Matthew Sewell appeals the Dickinson County District Court’s denial of his motion to suppress breath-test evidence and to dismiss an operating-while-intoxicated charge. Sewell argues the county violated his statutory and constitutional rights by denying his request for a private, non-recorded telephone conversation with his lawyer to be advised on submitting to a chemical test. The trial court held that Iowa Code Section 804.20 does not permit an attorney to have privileged telephone communication with an arrestee. Sewell urges the Supreme Court to either interpret that statute as excluding active monitoring and recording of a phone conversation with counsel, or hold that the Iowa Constitution guarantees an arrestee a limited constitutional right to a confidential telephonic consultation with counsel.

Rumsey v. Woodgrain Millwork

Scheduled for oral argument Feb.17, 1:30 p.m.

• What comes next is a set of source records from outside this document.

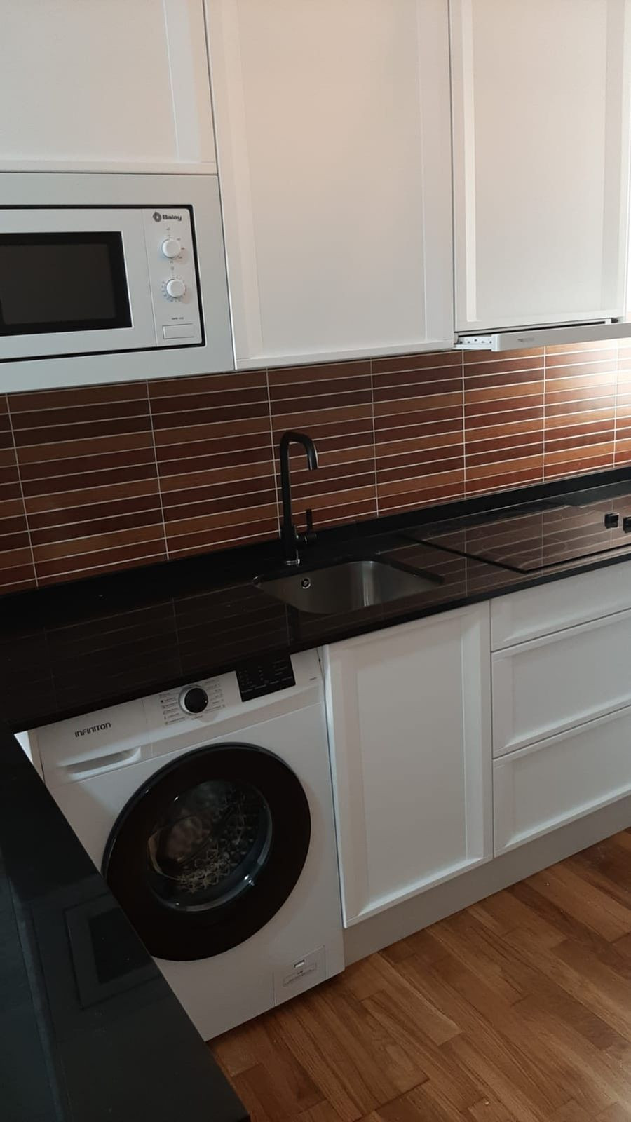 A modern kitchen with integrated appliances and sleek finishes.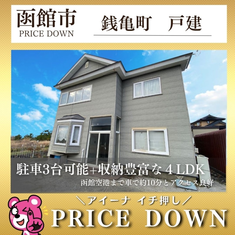 ここに注目!☆お値下げしました☆小学校まで徒歩2分、土地69坪のゆとりある4LDK住宅。海沿いの静かな住環境に建ち、主要採光面は南向きで陽当たり良好です。全居室収納付きで荷物もすっきり片付き、車庫を含めて3台分の駐車スペースも確保。バス停まで徒歩5分で通勤・通学にも便利。函館空港まで車で約10分とアクセス良好で、落ち着いた暮らしと利便性を両立できる住まいです。 土日祝日はもちろん、お仕事帰りの見学も大歓迎です♪ 写真とは違う実際の物件をぜひご覧ください。 弊社は建設業許可を受けておりますのでリフォーム等のご相談もご安心ください。 税金や銀行融資関係等の資金の提案もお引渡しまで全面的にサポートさせて頂きます。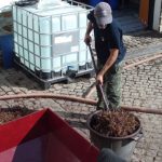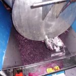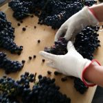 É necessário separar os bagos de uvas das partes lenhosas do cacho ou canganho, sendo este o processo de desengace.

Issue: Should an instruction and verdict form questions have been submitted to the jury in an employment case regarding employees’ individual liability?  If so, what is the standard for individual liability in an employment discrimination case under the Iowa Civil Rights Act?  Should the trial judge have directed a verdict in the defendants’ favor? Was the jury award excessive? Was the plaintiff wrongly denied front pay, and were prior acts of discrimination against the plaintiff wrongly excluded?

Woodgrain Millwork and its individual employees appeal from a Polk County jury verdict in favor of Appellee/Cross-Appellant Ronald Rumsey for disability discrimination and retaliatory termination under the Iowa Civil Rights Act. Rumsey was assigned to light duty due to medical restrictions for work-related injuries. Rumsey was subsequently fired for misconduct and he sued Woodgrain and two of the company’s employees individually. Woodgrain Millwork makes five arguments: (1) the trial court erred in refusing to submit a jury instruction and questions on the verdict form regarding Woodgrain’s employees’ individual liability; (2) the court erred by not directing a verdict in favor of defendants on Rumsey’s claims; (3) the jury’s $450,000 emotional distress award is excessive; (4) the District Court abused its discretion in refusing to admit into evidence Rumsey’s $100,000 worker’s compensation settlement and other benefits; and (5) the court erred in refusing to offset Rumsey’s back pay award with the $100,000 lump-sum settlement. Rumsey cross-appeals, arguing the District Court erred in denying him front pay and wrongly excluded prior acts of alleged discrimination against him.

[Disclosure: Nyemaster Goode attorneys Randall D. Armentrout and Leslie C. Behaunek represent Appellants/Cross-Appellees Woodgrain Millwork, Liz Mallaney, and Clay Coppock.]

Daniels v. Holtz

Will be submitted to the Court without oral argument Feb. 17.

Issue: Did a trial court properly dismiss a suit regarding a sheriff’s sale of real property on statute of limitations grounds?

John Holtz seeks further review of a Nov. 4, 2020, Iowa Court of Appeals ruling reversing a Lucas County District Court order granting Holtz’s motion to dismiss on statute-of-limitations grounds Curtis Daniels’ suit against him and others regarding a sheriff’s sale of real property. The Court of Appeals said it found “no valid basis for dismissing the case at this earliest stage of the proceedings.”